Certain to inspire worship in some quarters and walkouts in others, “Late Bloomer” turns prejudice on its head and adds to a rarefied subgenre: the disabled-serial-killer movie.
Our singular protagonist is Sumida (an astonishing performance by the severely disabled actor Masakiyo Sumida), a perpetually randy drunk who enjoys pornography, punk-rock concerts and rolling around town in his motorized wheelchair. But when he falls for a fetching college student (Mari Torii), her thoughtless response to his hesitant overtures (“Did you want to be born normal?”) drives him into a funk of fury and impotence that only a killing spree can assuage.
Startlingly humane in its insistence that Sumida is no different from any other guy — here the able-bodied are the fools, oblivious to his desires and internal life — “Late Bloomer” unfolds mainly in fizzy black and white and in a shooting style that mimics the unsettling jerkiness of Sumida’s body movements.
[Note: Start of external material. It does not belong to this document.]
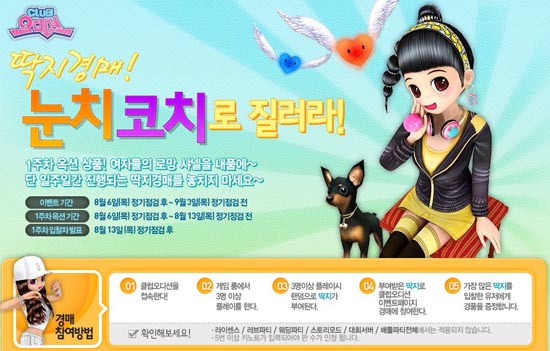 ... 참여방법은 3명 이상의 게이머가 모인 오디션 게임룸에서 오디션을 즐기면 무작위로 제공되는 추억의 놀이도구인 ‘딱지’를 모아, 별도로 마련된 이벤트 페이지에 원하는 수만큼 입찰하는 방식이다. 가장 많이 입찰한 게이머에게 해당 경품이 주어지며, 경매 이벤트가 진행되는 마지막 순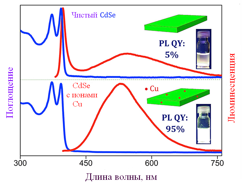 Слева спектры поглощения (синие) и флуоресценции (красные) исследованных в нашей лаборатории квази-двумерных нанопластинок CdSe в растворе: без добавки ионов меди (вверху) и после модификации ионами меди (внизу). Врезки – фотографии пробирок с люминесцирующими растворами. Справа спектры люминесценции и фотографии лабораторных моделей светодиодов, полученных комбинированием полупроводникового ультрафиолетового светодиода с люминофором в полимерной матрице до модификации люминофора медью (сверху) и после модификации (внизу).

Like the splendid Korean film “Oasis” this movie tackles its uncomfortable subject with the generosity and imagination of a filmmaker (in this case, Go Shibata) unafraid to confront taboos.
Weird, wicked and wonderfully perverse, “Late Bloomer” pulses with frigid energy. Watching it is like having your finger trapped in a light socket: no matter how much it hurts, you can’t quite tear yourself away.